§ **Exercise details**
For the data below, give again exactly the lines from the one containing "das RKI […]" through the one containing "This darling Light", both ends included, and no others.

§ **Data under study**

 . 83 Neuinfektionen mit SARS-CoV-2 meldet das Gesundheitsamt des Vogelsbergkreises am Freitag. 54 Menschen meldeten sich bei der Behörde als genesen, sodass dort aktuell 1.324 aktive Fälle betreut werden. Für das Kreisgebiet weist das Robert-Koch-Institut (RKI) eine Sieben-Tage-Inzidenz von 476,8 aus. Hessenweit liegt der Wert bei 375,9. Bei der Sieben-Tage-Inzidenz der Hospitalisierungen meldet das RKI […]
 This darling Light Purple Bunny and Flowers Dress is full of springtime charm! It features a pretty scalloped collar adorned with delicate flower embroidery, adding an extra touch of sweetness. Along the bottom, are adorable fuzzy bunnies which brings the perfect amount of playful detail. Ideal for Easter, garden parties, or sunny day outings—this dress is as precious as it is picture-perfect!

---

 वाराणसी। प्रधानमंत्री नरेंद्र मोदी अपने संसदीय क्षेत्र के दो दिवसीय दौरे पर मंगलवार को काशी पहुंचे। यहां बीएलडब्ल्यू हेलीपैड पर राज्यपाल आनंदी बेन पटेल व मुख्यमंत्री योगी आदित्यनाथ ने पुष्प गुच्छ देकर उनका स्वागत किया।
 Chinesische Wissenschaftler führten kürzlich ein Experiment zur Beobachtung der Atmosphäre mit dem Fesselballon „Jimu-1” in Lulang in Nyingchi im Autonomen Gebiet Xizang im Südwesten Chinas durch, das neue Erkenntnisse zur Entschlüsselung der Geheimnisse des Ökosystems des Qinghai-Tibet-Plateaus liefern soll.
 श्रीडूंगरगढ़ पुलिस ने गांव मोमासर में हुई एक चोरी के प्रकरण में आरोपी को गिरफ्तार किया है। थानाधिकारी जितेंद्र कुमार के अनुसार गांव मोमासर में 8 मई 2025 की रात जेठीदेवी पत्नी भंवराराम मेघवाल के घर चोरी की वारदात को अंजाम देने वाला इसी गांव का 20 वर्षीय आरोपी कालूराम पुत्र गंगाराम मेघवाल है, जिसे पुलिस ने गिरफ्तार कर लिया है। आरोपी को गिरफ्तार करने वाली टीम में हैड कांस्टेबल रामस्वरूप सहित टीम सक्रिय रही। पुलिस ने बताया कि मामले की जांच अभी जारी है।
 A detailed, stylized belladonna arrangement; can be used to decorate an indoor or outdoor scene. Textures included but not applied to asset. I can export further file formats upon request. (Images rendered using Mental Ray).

§ **Worked solution**
 . 83 Neuinfektionen mit SARS-CoV-2 meldet das Gesundheitsamt des Vogelsbergkreises am Freitag. 54 Menschen meldeten sich bei der Behörde als genesen, sodass dort aktuell 1.324 aktive Fälle betreut werden. Für das Kreisgebiet weist das Robert-Koch-Institut (RKI) eine Sieben-Tage-Inzidenz von 476,8 aus. Hessenweit liegt der Wert bei 375,9. Bei der Sieben-Tage-Inzidenz der Hospitalisierungen meldet das RKI […]
 This darling Light Purple Bunny and Flowers Dress is full of springtime charm! It features a pretty scalloped collar adorned with delicate flower embroidery, adding an extra touch of sweetness. Along the bottom, are adorable fuzzy bunnies which brings the perfect amount of playful detail. Ideal for Easter, garden parties, or sunny day outings—this dress is as precious as it is picture-perfect!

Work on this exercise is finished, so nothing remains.